The truth is that every day here on earth is a space waiting to be ordered. Every friendship is unformed ground waiting to be sown with love. Every child is a heart to be nourished, a mind to be formed. Every new room or house or moment is an empty space waiting for God to be made incarnate within it. The days we are given within this fallen world, the people we love, the work we do, are the tiny voids into which we speak creative life in the image of God. So I came to this little room four weeks ago, and knew it as my given space, my own corner of earth to nurture and nourish and order and rule, expressing in every particular the goodness of my God.

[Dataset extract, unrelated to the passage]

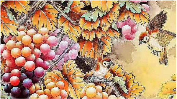 绿藤晶毬沾露清,硕果青青墨写成。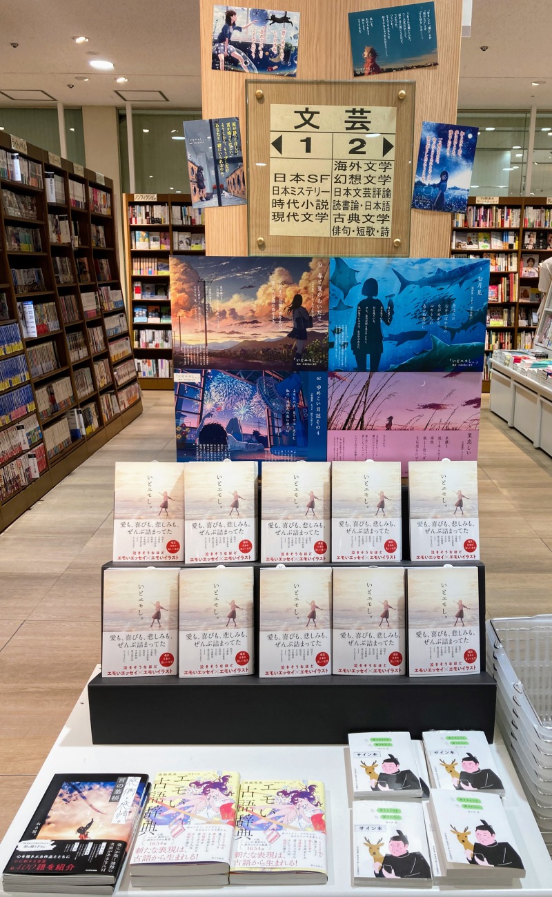枕草子、万葉集、古今和歌集などの古の言葉たちを「いまを生きる私たちの感覚」に合わせて“エモ訳“した上で、イラストによって視覚化した新感覚エッセイ「いとエモし。」。超美麗イラストのパネルとポストカードを飾ったフェア始めました!関連書籍も集めています。「エモい」を入口に、古典の世界に触れてみませんか?レジ前文芸書エンド台で展開中です。

I rearranged every single piece of furniture so the room now cradles the light from the single window. I hunted down a Pre-Raphaelite poster, unrolled “The Song of the Lark” that I brought from home, and found a book of William Morris pattern postcards to line my walls. I stalked the charity shops until I found the one with numerous baskets on the cheap; I got a few old books, found a few old pots for flowers, and set out the teacup and tray and pictures I brought from home. I tweaked and sang and played classical music as I worked, and the only thing missing until last weekend was two mugs for tea, two cups representing the fact that whatever beauty I make here I deeply desire to share.

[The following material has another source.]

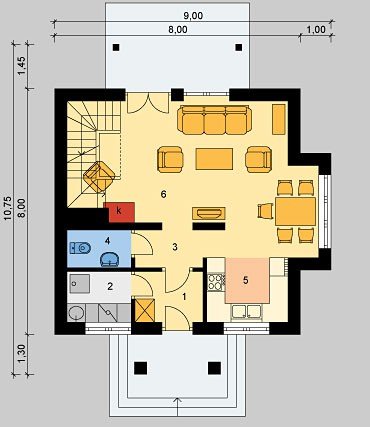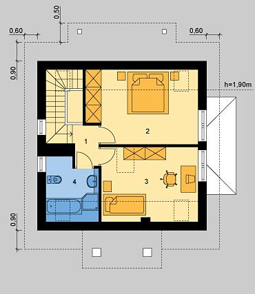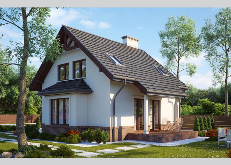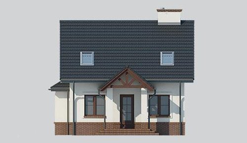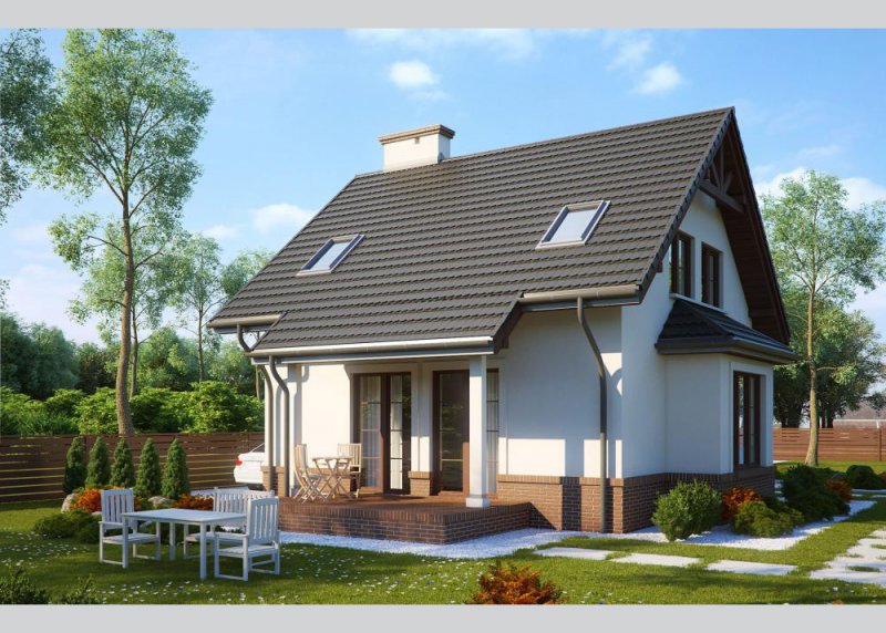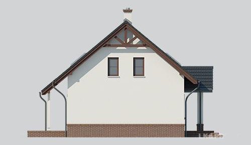 LK&573 to projekt niedużego domu jednorodzinnego, o tradycyjnej bryle. Jest to dom parterowy z poddaszem użytkowym, zaplanowany dla trzy-, czteroosobowej rodziny. Strefa wejściowa do domu poprzedzona jest niewielkim gankiem, na prawo od sieni znajduje sie kuchnia otwarta na jadalnię oraz na pokój dzienny, z którego wychodzimy na cześciowo zadaszony taras. Po lewej stronie od wejścia znajdują się kolejno kotłownia z pralnią oraz WC. W pokoju dziennym znajdują się schody prowadzące na poddasze, które stanowi strefę odpoczynku. Mieszczą się tam dwie sypialnie oraz łazienka. Projekt spełnia warunki rządowego prgramu dopłat Mieszkanie dla Młodych.

My sea-toned mugs were a crown and completion to my work because they enable me now to offer this small world in love.
In the end, my work in this tiny world of a room is my tribute to the Love that makes his home in me and so makes me at home in every place I sojourn. I work in the creative power of a new kingdom come, the one in which God himself takes up the trust we broke. The more I study the life of Christ, the more I see how Jesus took that ancient mandate on himself, completing and renewing the work we humans were crafted to accomplish. He comes among his people with healing in his hands, with laughter on his tongue, with life in his fingers. He orders, he fills, he brings that flourishing we long have desired. Where Jesus is, there is joy. There is new wine, and stories, and tales of wedding feasts. Life is quickened, feasts are laid, and old bones healed when Christ is present. For the quicksilver rumor of “the kingdom come” is the invitation not merely to salvation but to everything we always hoped the world would be.

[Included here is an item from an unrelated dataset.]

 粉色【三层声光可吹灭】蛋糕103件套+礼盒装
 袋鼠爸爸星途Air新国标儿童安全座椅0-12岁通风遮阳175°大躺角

Oh, I know its not here yet, but every act of ordering, creation, and love gestures to the world to come. Every table set and door opened and room turned from barrenness to beauty is an affirmation of all we believe to be true about the one day happy ending of the world. And you know, if there’s one thing I’ve seen in all these years of wandering, it’s this: where there is beauty, the life of Christ is plain. In countries where communism decimated the art and culture of a people, beauty speaks of a rich, ordering, newly creative God. Where isolation and autonomy are strong, a home just as strong in food and fellowship incarnates the God whose love is with us. Where distraction, despair, and anxiety are rampant, a space of cultivated quiet becomes a refuge in which people hear, sometimes for the first time, the still small voice of God.
So my room is ordered. My sea green mug and her smoky blue twin await a knock on the door. And here, for a fleeting moment, the world is as it was meant to be and the kingdom comes.